The simple thing that makes me think my model is not THAT old, is the hood over the new type headlight 
Don't get your hopes up. Cheap and Cheerful, as someone said, was the way they made them in the old days - that loco is at least 10 years old and maybe more - imho ? 

As noted, Bachmann engines of that era are known for weak plastic gears, so if you try to make it pull more, you will cause the drive to fail.


----------



## Colormepearl (Jan 25, 2009)

Thanks Nick. I apparently had checked out that site a bit ago. It does have some very usefull informaion. I have used that site for tips on other locomotives, and always found it interesting if not very helpfull. I still have not received that engine yet, but have the Aristo 0 4 0 completely apart and see where I will probably have to cut the housing that holds the motor and drivers in place. Another though is, I have a motor from an Aristo Pacific, that I removed to install a new version motor block.

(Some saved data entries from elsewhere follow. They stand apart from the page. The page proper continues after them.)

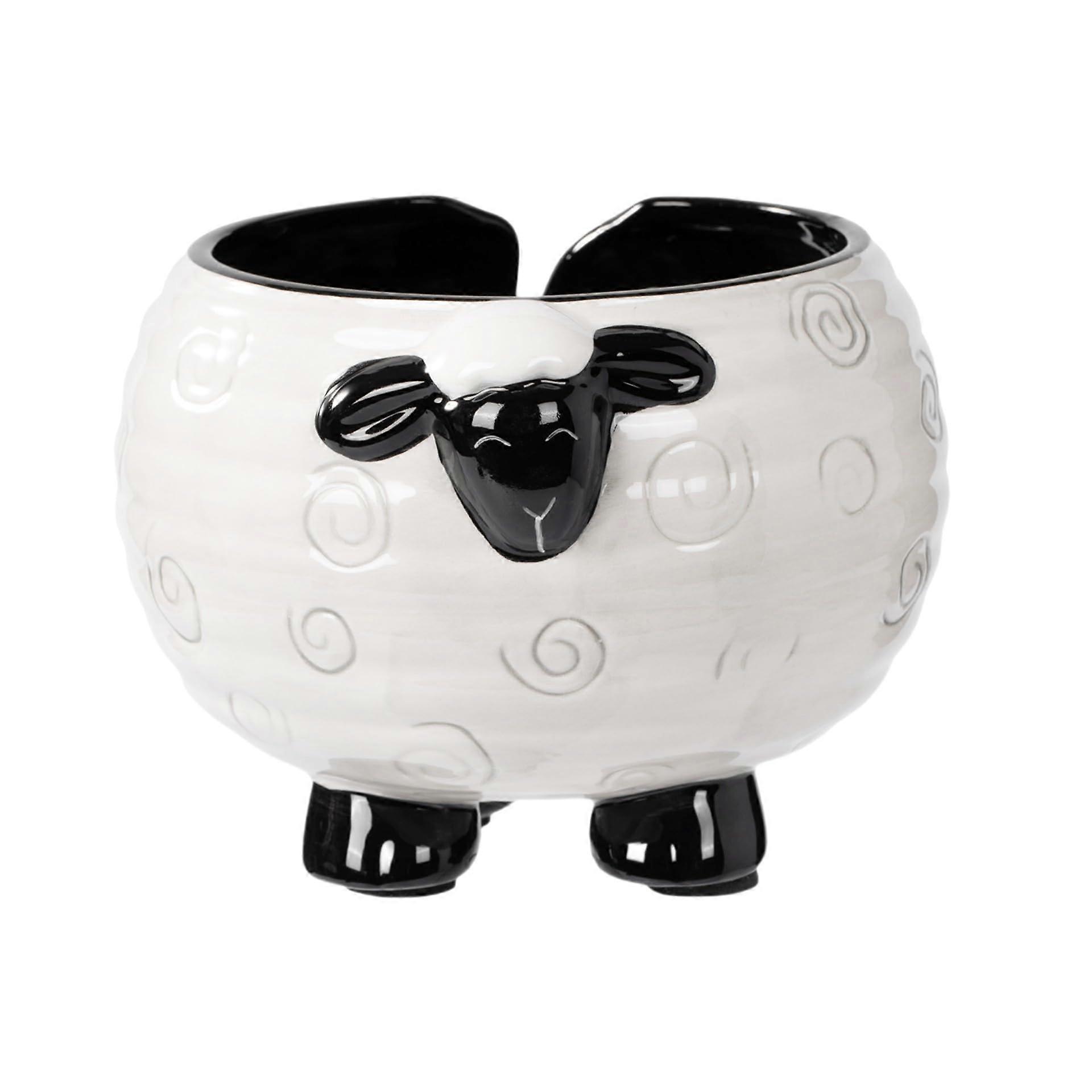 A decorative, functional ceramic yarn bowl shaped like a sheep that keeps your yarn tidy and feeds smoothly during knitting and crochet projects. The exterior is white with spiral patterns and black accents for the legs and face. Built for steady performance and long term use.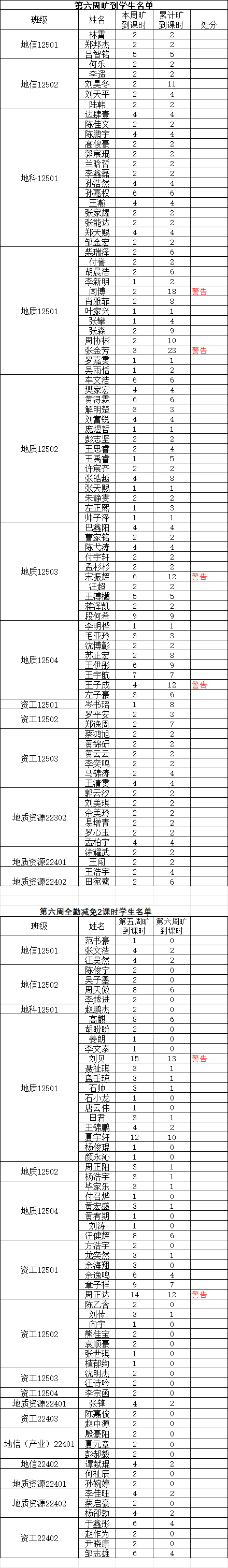 注:若学生某周存在旷课记录,但次周所有课程均正常到课(无迟到、旷课),则可从该生累计旷课课时中减免 2学时。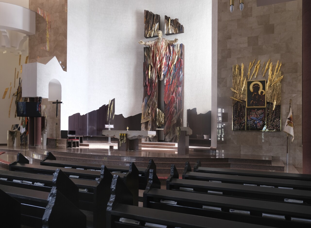 Aranżacja przestrzenno-rzeźbiarska w kościele w. św. Jadwigi Królowej w Krakowie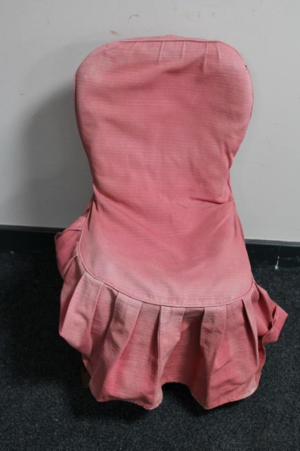 A Victorian bedroom chair with a pink loose cover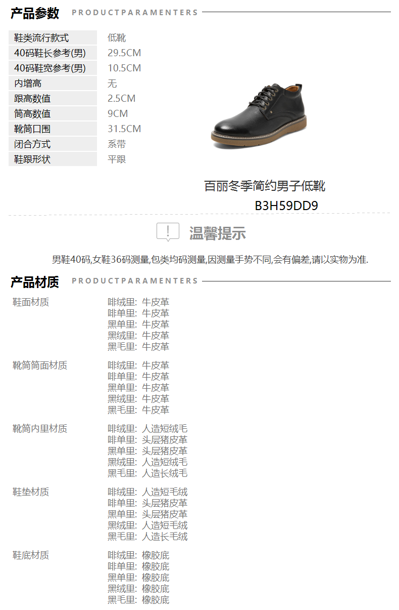 | 风格:简约 | 色系:黑色 | 跟高数值:2.5CM | 40码鞋宽参考(男):10.5CM | 筒高数值:9CM |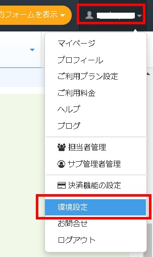 ページ上部ヘッダーの右端より[アカウント登録メールアドレス]→「環境設定」とクリックして環境設定画面へ移動します。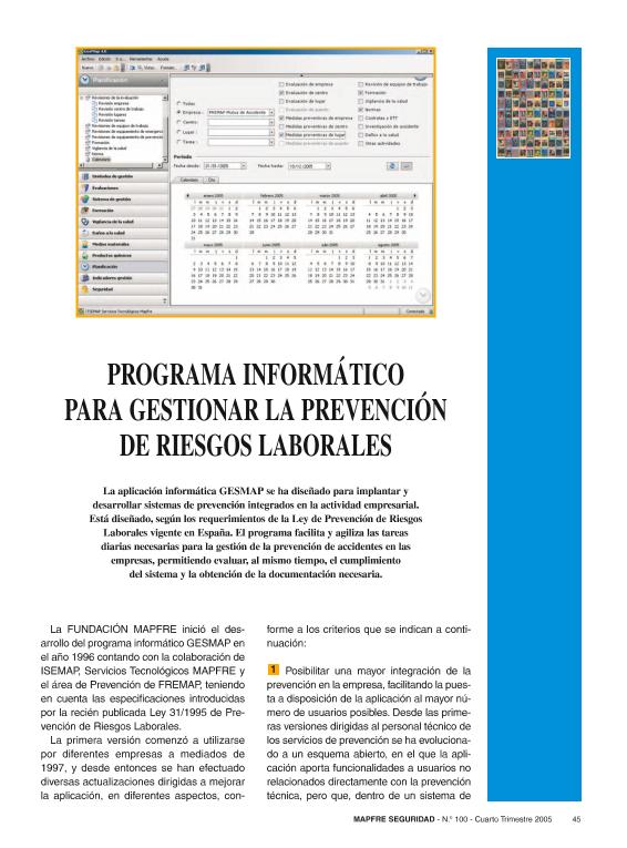 • En: Mapfre seguridad. - Madrid. - nº 100, 4º. trimestre 2005 ; p. 45-47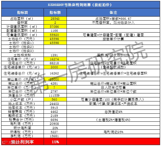 2、初步测算,目标地块起拍价下的利润在15%左右,限价下的利润率在10%左右,从利润率上来看,项目收益还是很可观的。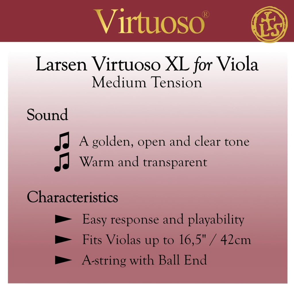 - Complete Professional Viola String Set (4/4 Size) – Includes the trusted Original A string and Virtuoso D, G and C strings in longer size.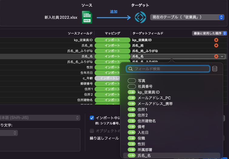 ③今回は、取り込む Excel 形式ファイルから取り込み先 FileMaker へ「追加」インポート方法で追加します。他の方法は、「結ぶ矢印(→)」をクリックするとポップオーバーが表示され「更新」や「置換」方法を選択できるようになります。
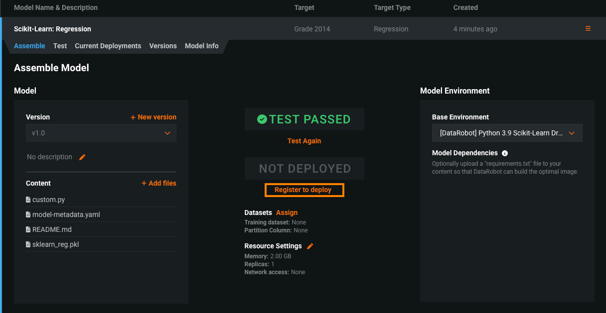 While you can deploy your custom inference model to an environment without testing, DataRobot strongly recommends your model pass testing before deployment.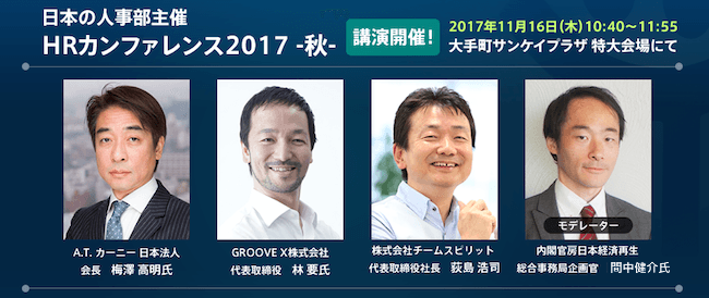 株式会社チームスピリット(本社:東京都中央区、代表取締役社長:荻島 浩司、以下チームスピリット)は、2017年11月14日〜17日に開催される、日本最大のHRイベントである『日本の人事部』主催の「HRカンファレンス2017-秋-【東京】」にプレミアムスポンサーとして協賛します。また、11月16日(木)には、特大会場にて「働き方改革プラットフォームの挑戦~人生三毛作時代の働き方と新たな人事部の地平~」と題した講演を行います。本講演では、弊社代表取締役社長の荻島と共に、A.T.カーニー日本法人会長の梅澤高明氏と、ソフトバンクで「Pepper」の開発を担当し、現在ロボットベンチャーGROOVE Xを経営する林要氏が登壇し、”人生三毛作”が必要とされる時代の働き方の展望と、企業の人事部の新たな役割などについて議論します。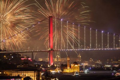آتش بازی در استانبول به مناسبت صدمین سالگرد جمهوری ترکیه

I may see if there is any way that I can use the Bachmann case, and install just the Pacific motor in the 2 4 2. Hey, I ran that Aristo 0 4 0 for the first time, a bit ago, and that thing pulled 12 freight cars, no sweat. Seemd to have been easly able to pull another 12. I really think it is going to make the little Bachmann 2 4 2 a power puller, instead of a toy that can pull two cars downhill only!
I will take pics that show the progress.
Thanks for the site tip.


----------



## Pete Thornton (Jan 2, 2008)

Hey, I ran that Aristo 0 4 0 for the first time, a bit ago, and that thing pulled 12 freight cars, no sweat. Seemd to have been easly able to pull another 12. I really think it is going to make the little Bachmann 2 4 2 a power puller, instead of a toy that can pull two cars downhill only 
As noted, if you have strong gears, you can load the engine with weight and it will pull anything. [BTW - wheel composition doesn't hurt - simple plated wheels like Bachmann uses don't grip as well as some of the cast wheels.] 

If you are comfortable swapping motors, etc, then get a gearbox from BBT or NWSL and install it with new wheels - and a load of weight.


----------